Cgroups provides System Administrators with fine-grained control over allocating, prioritizing, denying, managing, and monitoring system resources. They provide a way to hierarchically group and label processes, and to apply resource limits to them.

We can monitor the Cgroups, deny access to Cgroups for resources and reconfigure Cgroups on a running system. Hardware resources can be smartly divided up amongst tasks and users, increasing overall efficiency.

Traditional resource management moved from the process level to the application level by binding the system of cgroup hierarchies with the systemd unit tree. We can now manage system resources with systemctl commands, or by modifying systemd unit files.

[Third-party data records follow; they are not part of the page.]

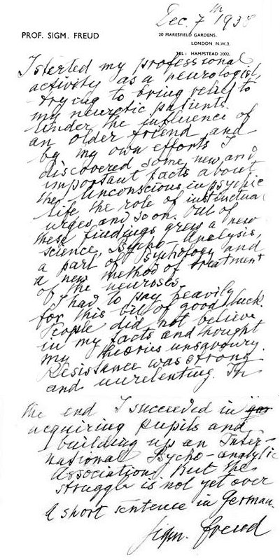 "I started my professional activity as a neurologist, trying to bring relief to my neurotic patients. Under the influence of an older friend and by my own efforts I discovered some new and important facts about the unconscious in psychic life, the role of instinctual urges and so on. |
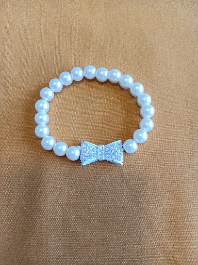 8 inch Pearl and Bow bracelet. (Cubic Zirconia)
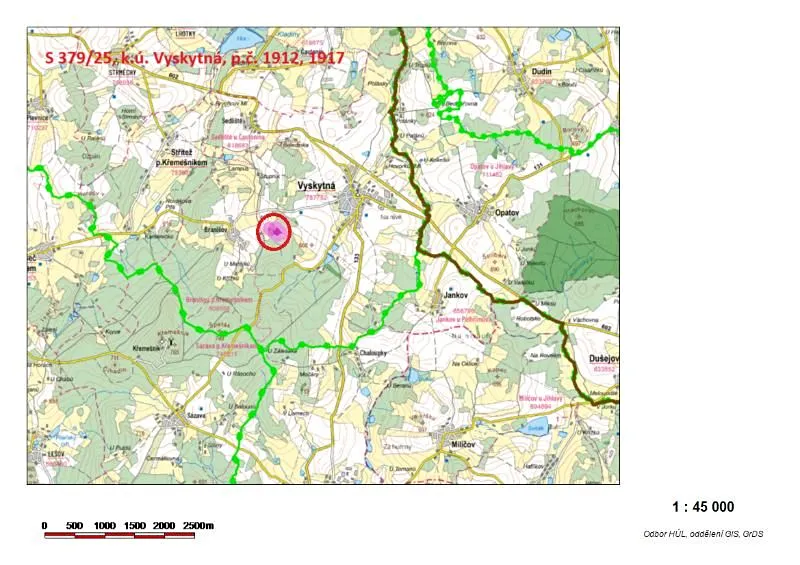Jedná se o lesní pozemky nepravidelného tvaru, které se nacházejí ne okraji lesního komplexu. Jsou obklopeny zemědělskými a lesními pozemky jiných vlastníků, přístupné pouze sezóně přes zemědělské pozemky. Na pozemku p.č. 1912 se nachází mýtní, převážně bukový porost – zakm. 8, na menší části 36-letý smrkový porost. Na pozemku p.č. 1917 se nachází smíšený 110-letý porost (SM, MD, BR – zakm. 4).
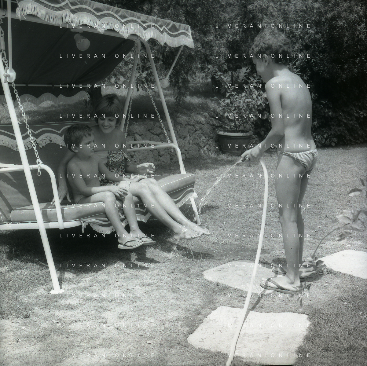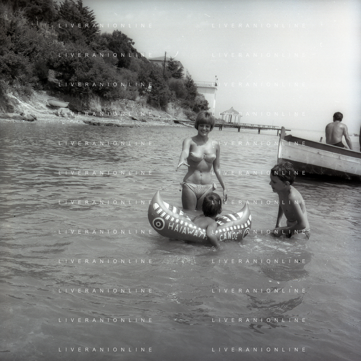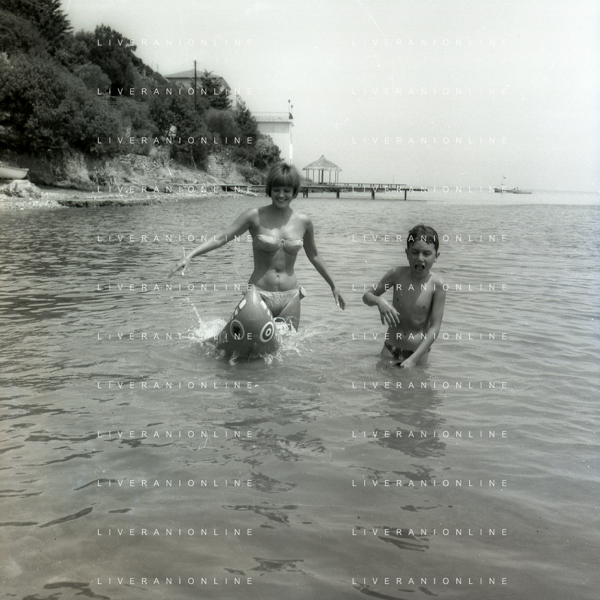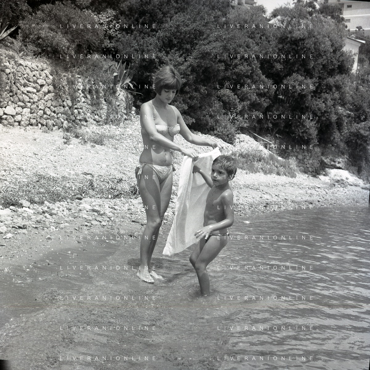 RETROSPETTIVA ROSANNA PODESTA' ATTRICE NELLA FOTO ROSANNA PODESTA' COI FIGLI FRANCESCO E STEFANO A PORTO SANTO STEFANO IL 15-06-1964 AG ALDO LIVERANI SAS
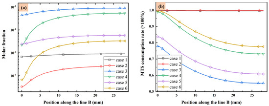(a) MTS molar fraction and (b) MTS consumption rate along line B.
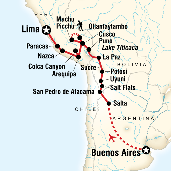 The Lima - Buenos Aires route travels through the popular traveller destinations in southern Peru and Bolivia before heading south to the thriving Argentine cities of Cordoba, Mendoza and Buenos Aires. See full tour highlights
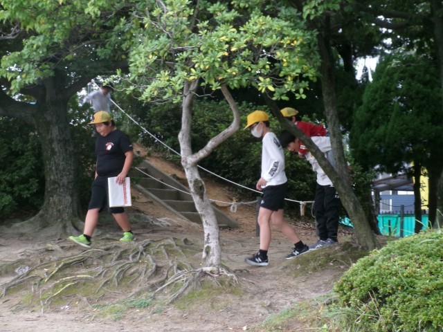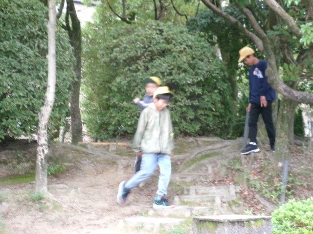 神山の森では低学年の子たちがどんぐりを集めていました。
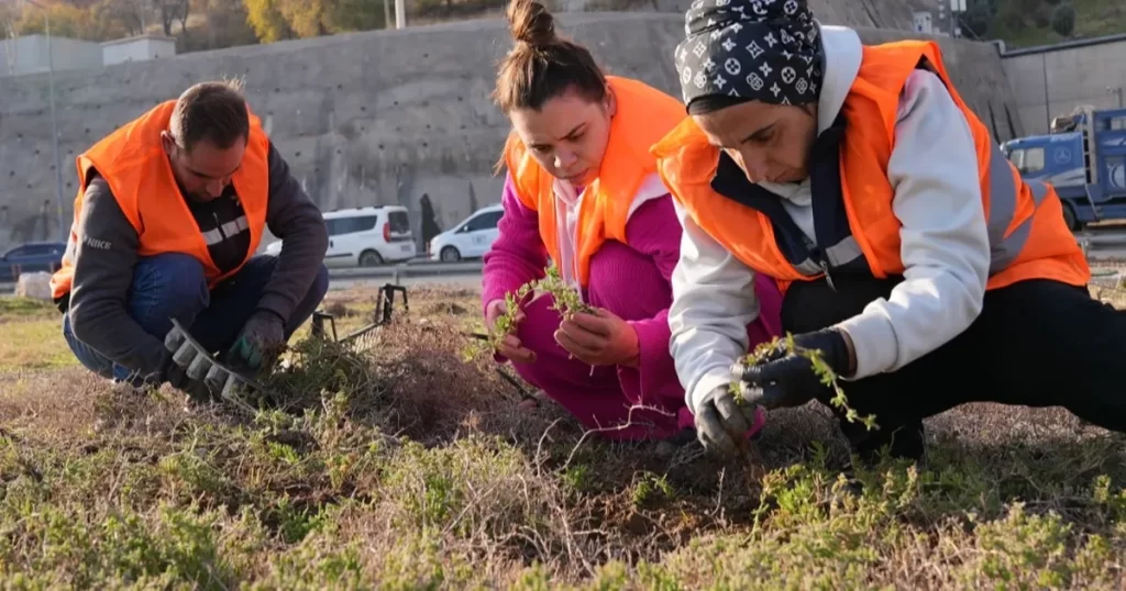 İZMİR (İGFA) – İzmir Büyükşehir Belediyesi, iklim kriziyle mücadele çalışmaları kapsamında su kaynaklarının verimli kullanılması için kentin yeşil örtüsünde yeni bir dönem başlattı. Yeşil alanlarda su verimliliği sağlayabilmek için akıllı sulama yöntemlerini uygulamaya başlayan Park ve Bahçeler Dairesi Başkanlığı, peyzaj çalışmalarında da yeni çim tohumlarını ekmeye başladı.
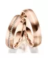 Pánský snubní prsten je v matné povrchové úpravě a zdobí ho střední proužek leštěný do vysokého lesku. Dámský prsten má místo proužku sníženou vlnku, ve které jsou vsazeny zirkony. Zirkony jsou v briliantovém brusu Signity star, který dodává zirkonům maximální brilanci. Snubní prsteny mají vnitřní Fit Profil – půlkulatou vnitřní stranu pro příjemnější nošení, nasazování a sundávání.
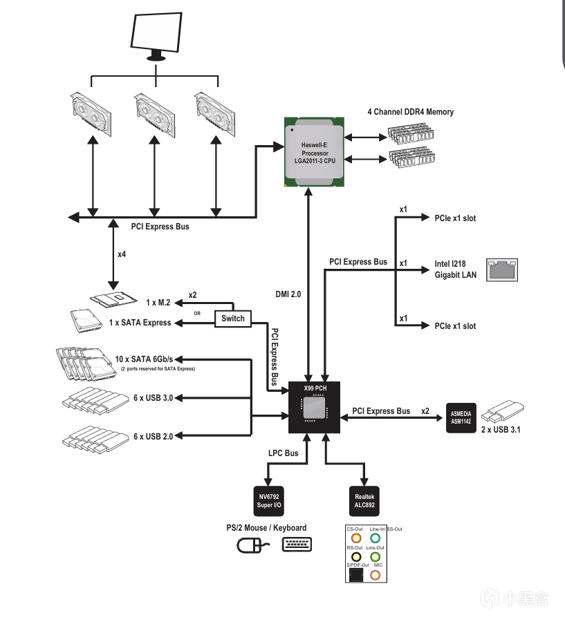 以我的电脑主机的微星X99突袭者主板为例,其PS/2接口是走PCH的。实际上大部分主板的PS/2接口几乎都是走芯片组的,不过其工作方式和USB截然不同,也就牵扯出PS/2接口的另一个特点:

What are Cgroup Subsystems

A subsystem represents a single resource, such as CPU time or memory. Cgroup subsystems are also called as resource controllers. To identify all the subsystems that are provided by the linux kernel we can read the following file.

File: /proc/cgroups

#subsys_name	hierarchy	num_cgroups	enabled
cpuset	0	98	1
cpu	0	98	1
cpuacct	0	98	1
blkio	0	98	1
memory	0	98	1
devices	0	98	1
freezer	0	98	1
net_cls	0	98	1
perf_event	0	98	1
net_prio	0	98	1
hugetlb	0	98	1
pids	0	98	1
rdma	0	98	1
misc	0	98	1

Here are the details of the above subsystems.

  • blkio : This subsystem sets limits on input/output access to and from block devices such as physical drives (disk, solid state, USB, etc.)
  • cpu : This subsystem uses the scheduler to provide cgroup tasks access to the CPU
  • cpuacct : This subsystem generates automatic reports on CPU resources used by tasks in a cgroup
  • cpuset : This subsystem assigns individual CPUs (on a multicore system) and memory nodes to tasks in a cgroup
  • devices : This subsystem allows or denies access to devices by tasks in a cgroup
  • freezer : This subsystem suspends or resumes tasks in a cgroup
  • memory : This subsystem sets limits on memory use by tasks in a cgroup, and generates automatic reports on memory resources used by those tasks
  • net_cls : This subsystem tags network packets with a class identifier (classid) that allows the Linux traffic controller (tc) to identify packets originating from a particular cgroup task
  • net_prio : This subsystem provides a way to dynamically set the priority of network traffic per network interface
  • ns : The namespace subsystem
  • perf_event: Enables monitoring cgroups with the perf tool
  • hugetlb : Allows to use virtual memory pages of large sizes and to enforce resource limits on these pages

The Linux kernel exposes a wide range of tunable parameters for resource controllers that can be configured with systemd.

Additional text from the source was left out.